>>>
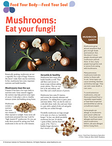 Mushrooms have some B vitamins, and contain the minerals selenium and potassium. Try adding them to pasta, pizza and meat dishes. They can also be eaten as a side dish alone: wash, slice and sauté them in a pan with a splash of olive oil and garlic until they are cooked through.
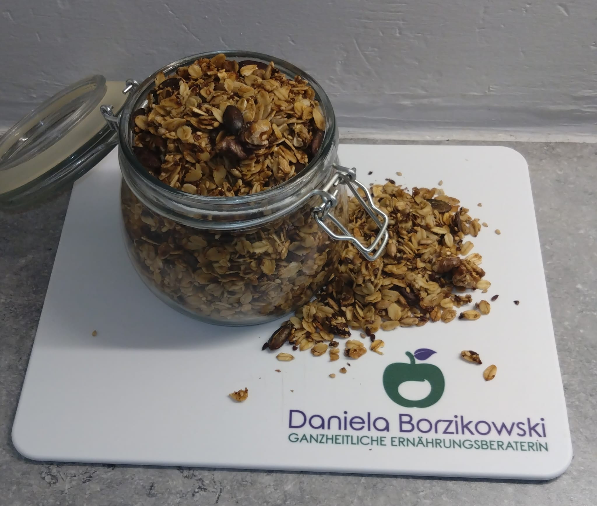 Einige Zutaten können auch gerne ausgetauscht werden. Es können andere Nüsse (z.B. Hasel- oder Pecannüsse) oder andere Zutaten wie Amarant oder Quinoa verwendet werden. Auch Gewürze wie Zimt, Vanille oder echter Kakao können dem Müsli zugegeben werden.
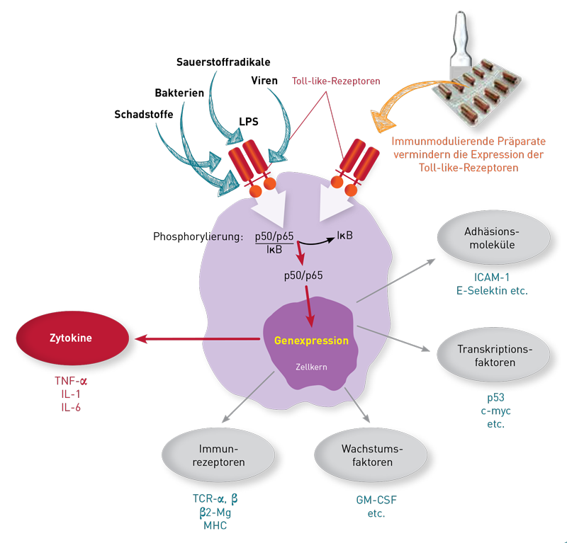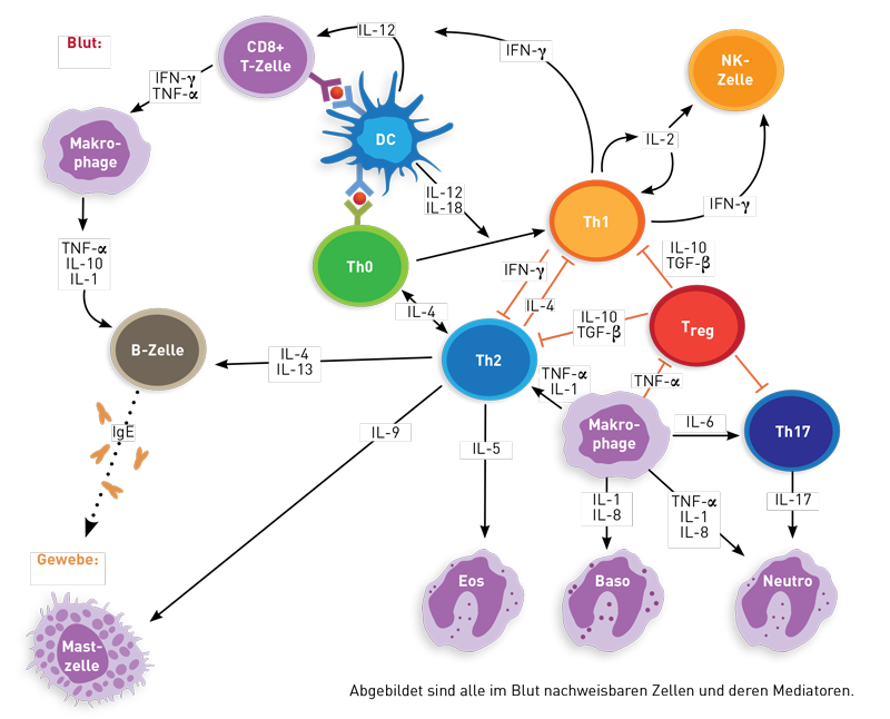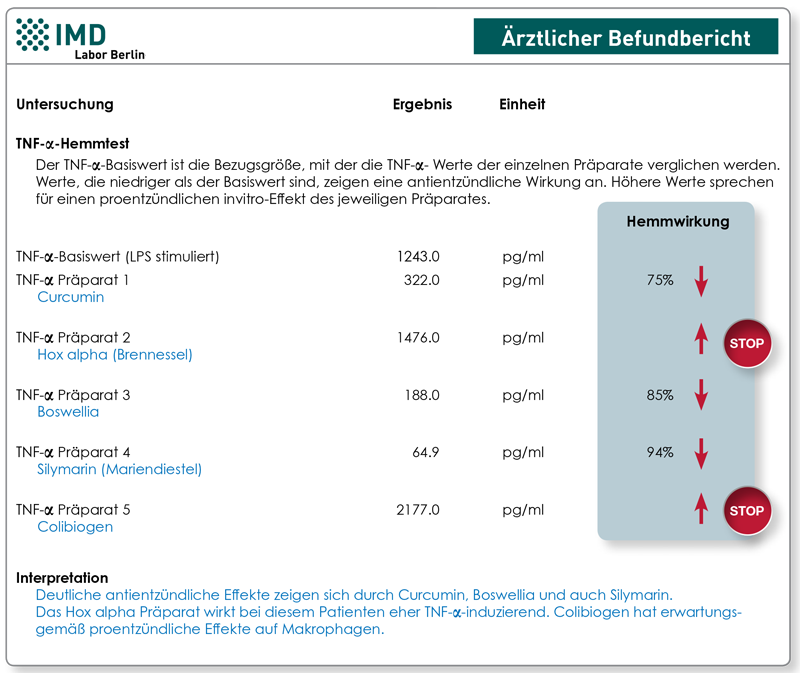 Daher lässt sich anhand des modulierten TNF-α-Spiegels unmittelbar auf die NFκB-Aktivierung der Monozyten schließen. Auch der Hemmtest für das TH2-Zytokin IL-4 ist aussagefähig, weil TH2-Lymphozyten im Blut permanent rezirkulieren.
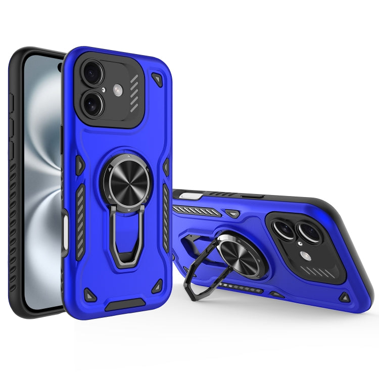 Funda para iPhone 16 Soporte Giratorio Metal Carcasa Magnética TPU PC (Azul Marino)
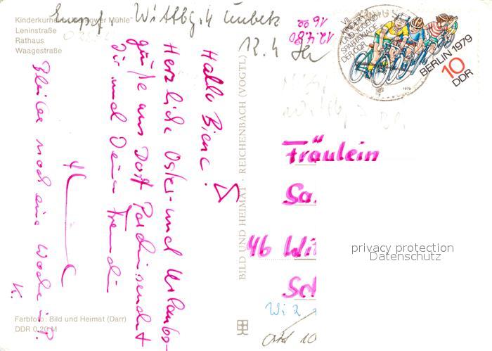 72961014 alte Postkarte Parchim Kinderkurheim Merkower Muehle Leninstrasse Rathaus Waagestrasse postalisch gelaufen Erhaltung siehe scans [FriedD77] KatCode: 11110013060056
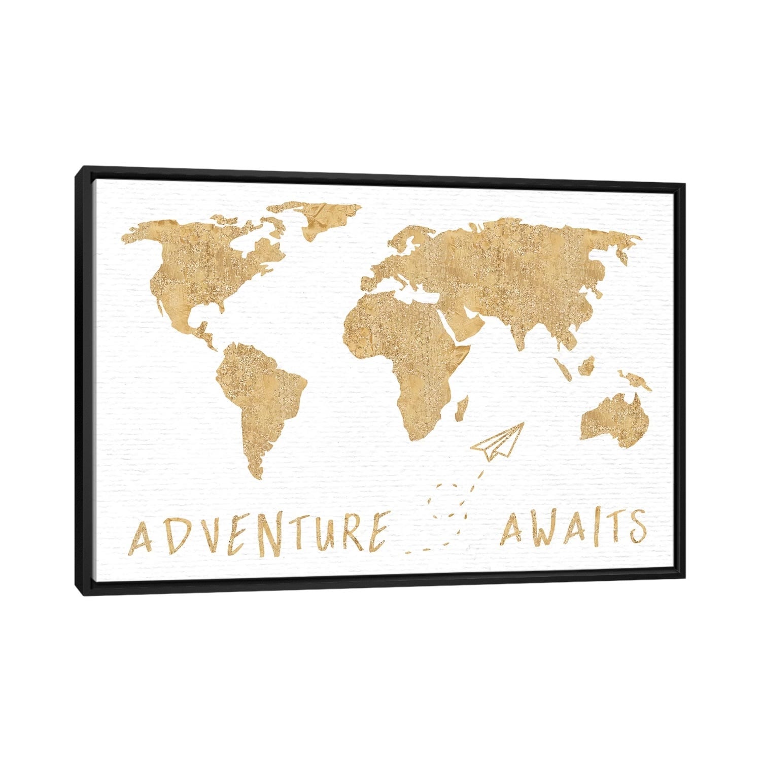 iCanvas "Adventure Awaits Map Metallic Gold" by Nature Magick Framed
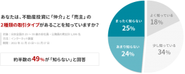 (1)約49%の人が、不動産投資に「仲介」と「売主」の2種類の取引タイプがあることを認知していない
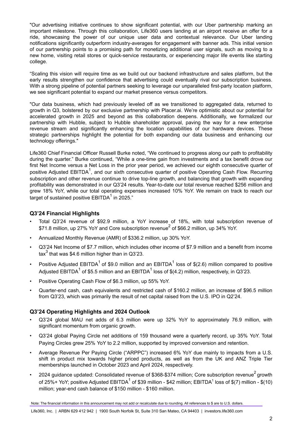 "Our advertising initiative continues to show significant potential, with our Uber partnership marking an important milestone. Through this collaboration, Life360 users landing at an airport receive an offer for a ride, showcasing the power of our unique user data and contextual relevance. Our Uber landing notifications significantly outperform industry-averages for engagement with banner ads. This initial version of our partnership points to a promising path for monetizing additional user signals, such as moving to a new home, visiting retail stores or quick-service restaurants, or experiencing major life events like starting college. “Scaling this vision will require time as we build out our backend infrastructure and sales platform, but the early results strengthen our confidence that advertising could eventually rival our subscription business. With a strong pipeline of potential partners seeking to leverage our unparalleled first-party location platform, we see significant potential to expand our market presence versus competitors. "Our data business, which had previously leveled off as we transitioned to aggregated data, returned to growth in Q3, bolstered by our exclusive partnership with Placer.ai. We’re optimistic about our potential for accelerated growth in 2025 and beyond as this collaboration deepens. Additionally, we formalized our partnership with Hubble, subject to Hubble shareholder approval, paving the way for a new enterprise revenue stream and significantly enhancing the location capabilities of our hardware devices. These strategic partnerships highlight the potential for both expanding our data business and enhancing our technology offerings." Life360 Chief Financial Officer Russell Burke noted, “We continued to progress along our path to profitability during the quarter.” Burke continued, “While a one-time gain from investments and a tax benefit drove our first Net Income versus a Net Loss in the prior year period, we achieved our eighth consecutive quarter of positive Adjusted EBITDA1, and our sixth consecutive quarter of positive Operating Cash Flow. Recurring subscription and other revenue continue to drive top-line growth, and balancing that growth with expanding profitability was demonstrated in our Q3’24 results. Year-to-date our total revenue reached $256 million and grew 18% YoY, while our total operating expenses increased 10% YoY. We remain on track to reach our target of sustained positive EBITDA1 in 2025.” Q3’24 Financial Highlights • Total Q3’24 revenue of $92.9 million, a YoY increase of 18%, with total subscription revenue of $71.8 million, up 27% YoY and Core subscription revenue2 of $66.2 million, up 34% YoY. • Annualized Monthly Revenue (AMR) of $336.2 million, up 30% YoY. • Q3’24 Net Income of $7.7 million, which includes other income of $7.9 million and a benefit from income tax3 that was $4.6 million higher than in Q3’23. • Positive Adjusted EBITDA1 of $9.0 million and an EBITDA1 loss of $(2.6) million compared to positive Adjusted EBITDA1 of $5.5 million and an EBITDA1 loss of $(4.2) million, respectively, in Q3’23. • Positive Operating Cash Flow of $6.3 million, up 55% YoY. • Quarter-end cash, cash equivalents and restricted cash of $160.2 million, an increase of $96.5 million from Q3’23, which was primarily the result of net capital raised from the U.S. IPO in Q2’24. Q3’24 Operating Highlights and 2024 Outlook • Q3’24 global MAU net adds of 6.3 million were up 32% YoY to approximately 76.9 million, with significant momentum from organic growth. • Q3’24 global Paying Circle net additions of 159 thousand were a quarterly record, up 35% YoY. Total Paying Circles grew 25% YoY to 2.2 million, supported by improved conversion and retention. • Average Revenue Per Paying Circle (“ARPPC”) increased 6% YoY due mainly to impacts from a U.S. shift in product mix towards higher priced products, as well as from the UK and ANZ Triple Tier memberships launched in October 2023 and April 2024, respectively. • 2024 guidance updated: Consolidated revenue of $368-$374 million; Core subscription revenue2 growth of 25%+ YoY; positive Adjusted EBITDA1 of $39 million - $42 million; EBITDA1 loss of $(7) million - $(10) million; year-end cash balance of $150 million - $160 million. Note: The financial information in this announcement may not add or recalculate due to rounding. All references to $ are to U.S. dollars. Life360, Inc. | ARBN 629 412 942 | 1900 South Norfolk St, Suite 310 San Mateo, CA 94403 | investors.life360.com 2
<<<
The lines above from the line with "Funda para iPhone" through the line with "72961014 alte Postkarte" are to be given again word for word, with no pictures among them.

 Funda para iPhone 16 Soporte Giratorio Metal Carcasa Magnética TPU PC (Azul Marino)
 72961014 alte Postkarte Parchim Kinderkurheim Merkower Muehle Leninstrasse Rathaus Waagestrasse postalisch gelaufen Erhaltung siehe scans [FriedD77] KatCode: 11110013060056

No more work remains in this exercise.